--- Source material ---
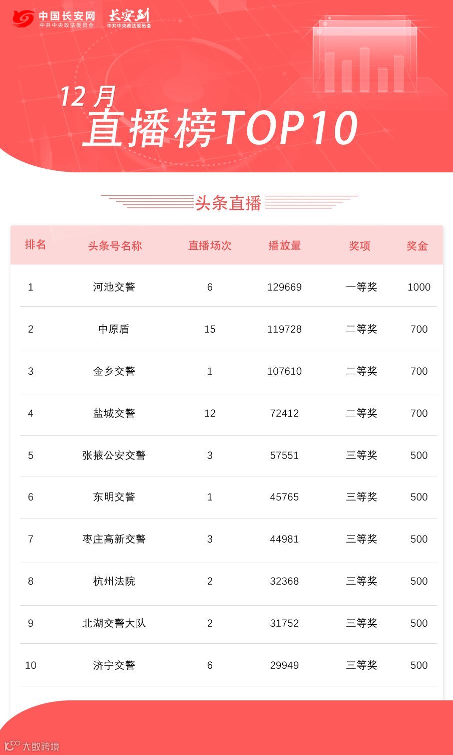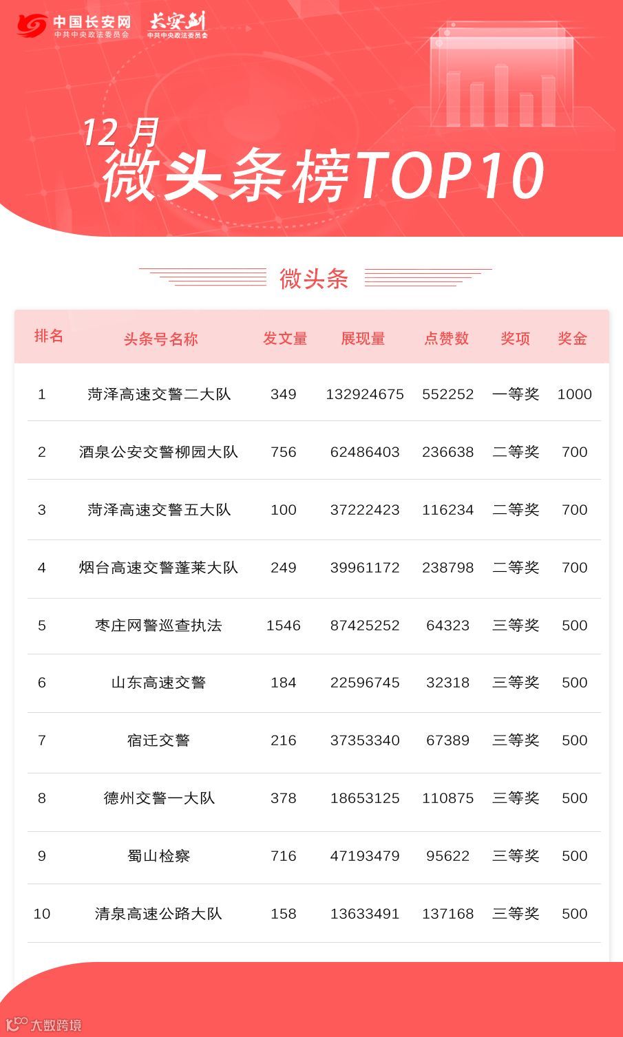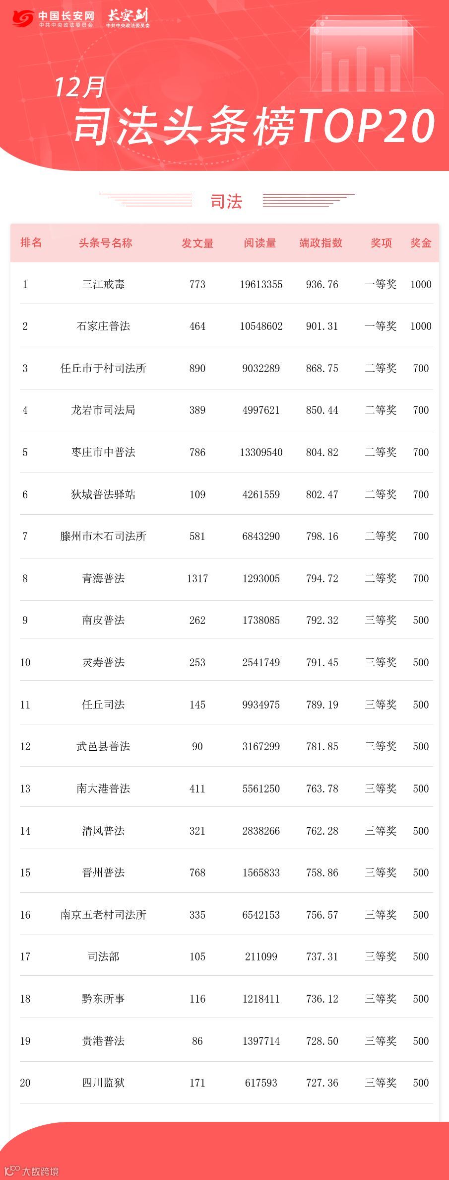 同一家单位可入选多个榜单,如果可入选两个以上榜单,则保留排名最高的两个榜单发布奖金。其中头条号、抖音号单独统计,同一家单位最多可获得四份奖金;最佳文章榜、最佳短视频榜内各自都不出现重复的单位,同一家单位可同时入选以上两个榜单。
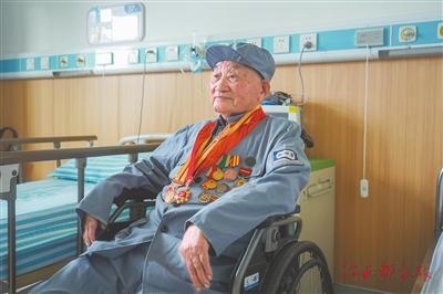 初秋時(shí)節(jié),中國(guó)人民解放軍聯(lián)勤保障部隊(duì)第908醫(yī)院的一間病房?jī)?nèi),99歲的新四軍老戰(zhàn)士尤云儒再次穿上他掛滿勛章的軍裝,陽(yáng)光透過窗戶灑在歷經(jīng)歲月洗禮的勛章上,折射出點(diǎn)點(diǎn)金光。這位17歲便加入抗日游擊隊(duì)奮勇殺敵的戰(zhàn)士,如今臉上布滿溝壑,顴骨高挺,笑容慈祥,但眼神中依然透露著堅(jiān)定與果敢。
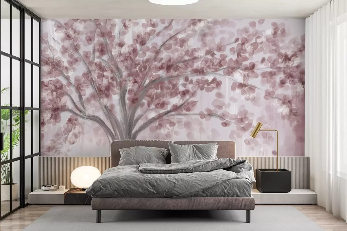 Stenske poslikave Veliko drevo z mehkimi, abstraktnimi listi v roza barvi na svetlem, nevtralnem ozadju, ki poudarja odtenke drevesa Št. w08669v2
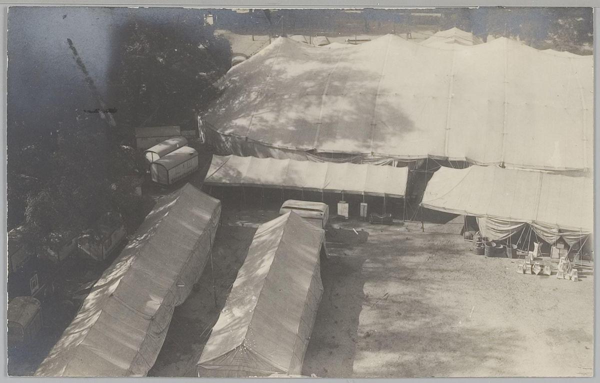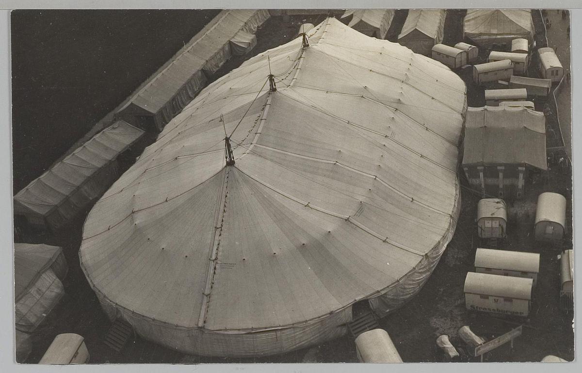 Luchtfoto van tenten van Circus Strassburger, 1928
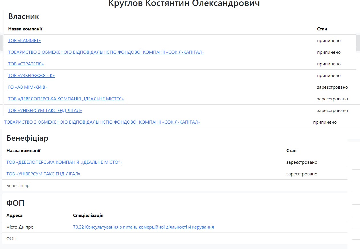 Чи використовує Костянтин Круглов у цих цілях ті фірми, які оформлені на нього самого, – питання дискусійне. Але в даних умовах можна припустити, що дійшла черга і до них. Тим більше, що їх перелік дуже солідний, і багато фірм із цього переліку фігурують у кримінальних справах саме економічного характеру.
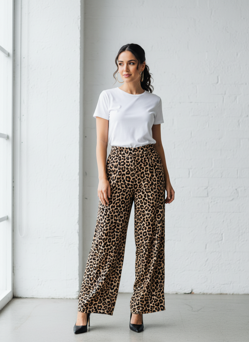 Leopard trousers sound intimidating until you realize they follow the same rules as any statement bottom — let them lead, and keep everything else quiet.
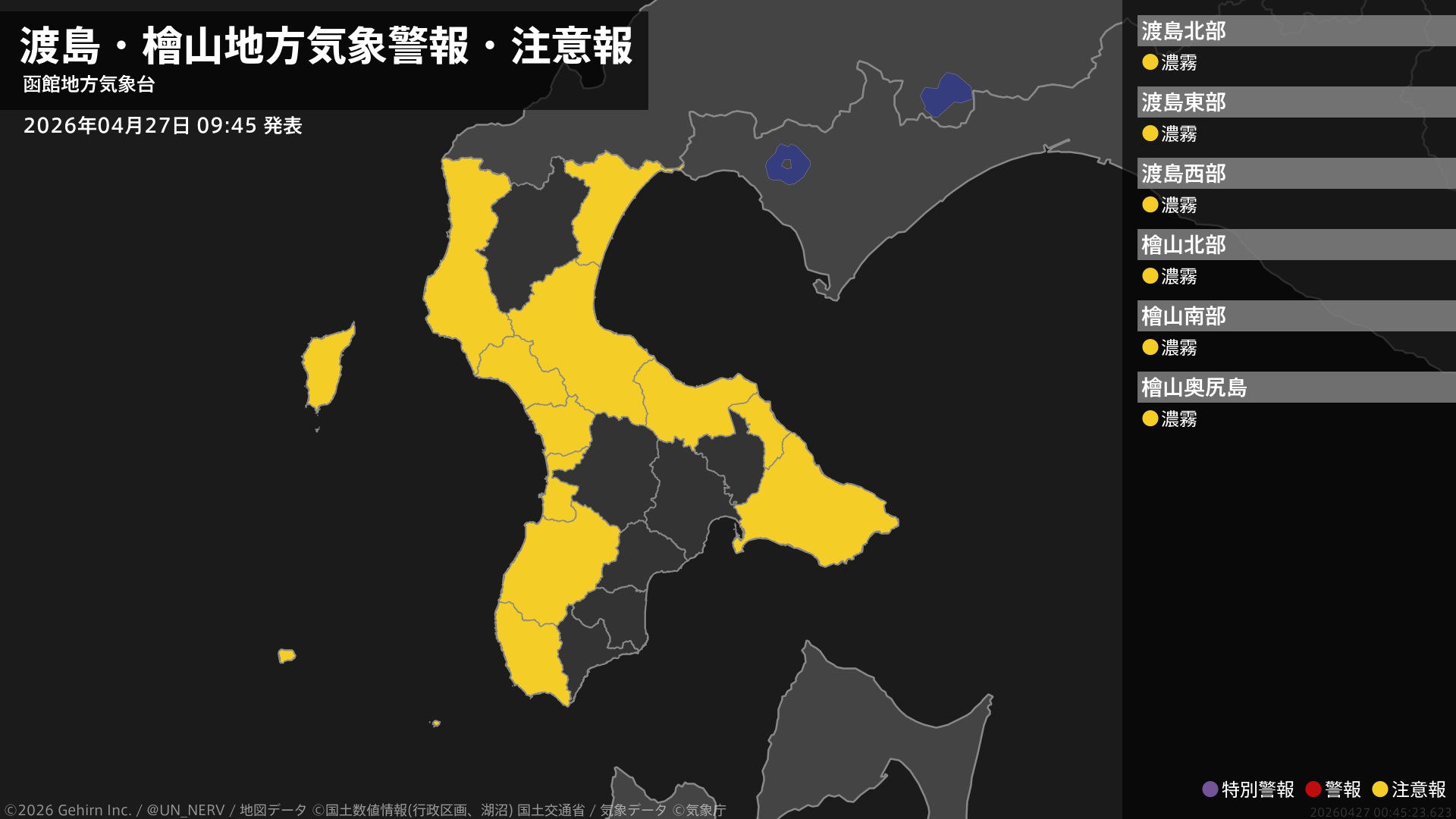 【渡島・檜山地方 気象警報・注意報 2026年04月27日 09:45】
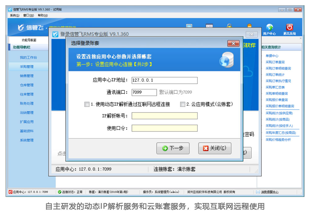 信管飞RMS是亚拓软件基于自主研发的信管飞业务应用平台(著作权登记号:2017SR587531)开发的 精细化管理软件 ( 进销存管理软件、 云ERP软件、 记账软件),主要包括采购管理、销售管理、库存管理、往来账管理、财务管理、出纳管理等业务管理功能,并支持分支机构管理、生产管理、委外加工管理、客户关系管理、会员管理、绩效管理等数十个扩展功能模块。
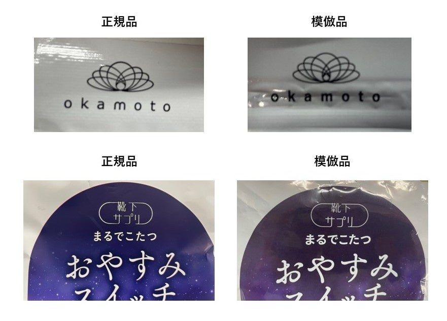 レッグウェア製造卸販売・岡本株式会社(本社:大阪市西区/本店:奈良県広陵町、代表取締役社長:岡本隆太郎)では、当社製品「靴下サプリ おやすみスイッチ」に酷似した模倣品が、一部のオンラインショップやフリーマーケットサイト等で販売されていることを確認しております。
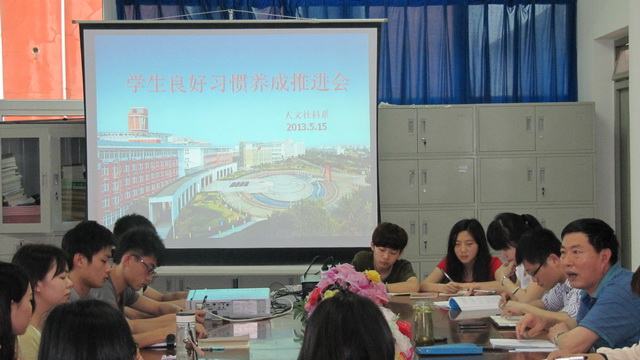 人文社科系于2013年5月15日下午在综合楼315会议室召开学生良好习惯养成推进会。会议由学生党支部书记董钦同志主持,各班主要学生干部及系两委学生干部参加会议。
---
> [Exercise details] Copy the listing exactly but drop its images.

> [Problem solution]
 同一家单位可入选多个榜单,如果可入选两个以上榜单,则保留排名最高的两个榜单发布奖金。其中头条号、抖音号单独统计,同一家单位最多可获得四份奖金;最佳文章榜、最佳短视频榜内各自都不出现重复的单位,同一家单位可同时入选以上两个榜单。
 初秋時(shí)節(jié),中國(guó)人民解放軍聯(lián)勤保障部隊(duì)第908醫(yī)院的一間病房?jī)?nèi),99歲的新四軍老戰(zhàn)士尤云儒再次穿上他掛滿勛章的軍裝,陽(yáng)光透過窗戶灑在歷經(jīng)歲月洗禮的勛章上,折射出點(diǎn)點(diǎn)金光。這位17歲便加入抗日游擊隊(duì)奮勇殺敵的戰(zhàn)士,如今臉上布滿溝壑,顴骨高挺,笑容慈祥,但眼神中依然透露著堅(jiān)定與果敢。
 Stenske poslikave Veliko drevo z mehkimi, abstraktnimi listi v roza barvi na svetlem, nevtralnem ozadju, ki poudarja odtenke drevesa Št. w08669v2
 Luchtfoto van tenten van Circus Strassburger, 1928
 Чи використовує Костянтин Круглов у цих цілях ті фірми, які оформлені на нього самого, – питання дискусійне. Але в даних умовах можна припустити, що дійшла черга і до них. Тим більше, що їх перелік дуже солідний, і багато фірм із цього переліку фігурують у кримінальних справах саме економічного характеру.
 Leopard trousers sound intimidating until you realize they follow the same rules as any statement bottom — let them lead, and keep everything else quiet.
 【渡島・檜山地方 気象警報・注意報 2026年04月27日 09:45】
 信管飞RMS是亚拓软件基于自主研发的信管飞业务应用平台(著作权登记号:2017SR587531)开发的 精细化管理软件 ( 进销存管理软件、 云ERP软件、 记账软件),主要包括采购管理、销售管理、库存管理、往来账管理、财务管理、出纳管理等业务管理功能,并支持分支机构管理、生产管理、委外加工管理、客户关系管理、会员管理、绩效管理等数十个扩展功能模块。
 レッグウェア製造卸販売・岡本株式会社(本社:大阪市西区/本店:奈良県広陵町、代表取締役社長:岡本隆太郎)では、当社製品「靴下サプリ おやすみスイッチ」に酷似した模倣品が、一部のオンラインショップやフリーマーケットサイト等で販売されていることを確認しております。
 人文社科系于2013年5月15日下午在综合楼315会议室召开学生良好习惯养成推进会。会议由学生党支部书记董钦同志主持,各班主要学生干部及系两委学生干部参加会议。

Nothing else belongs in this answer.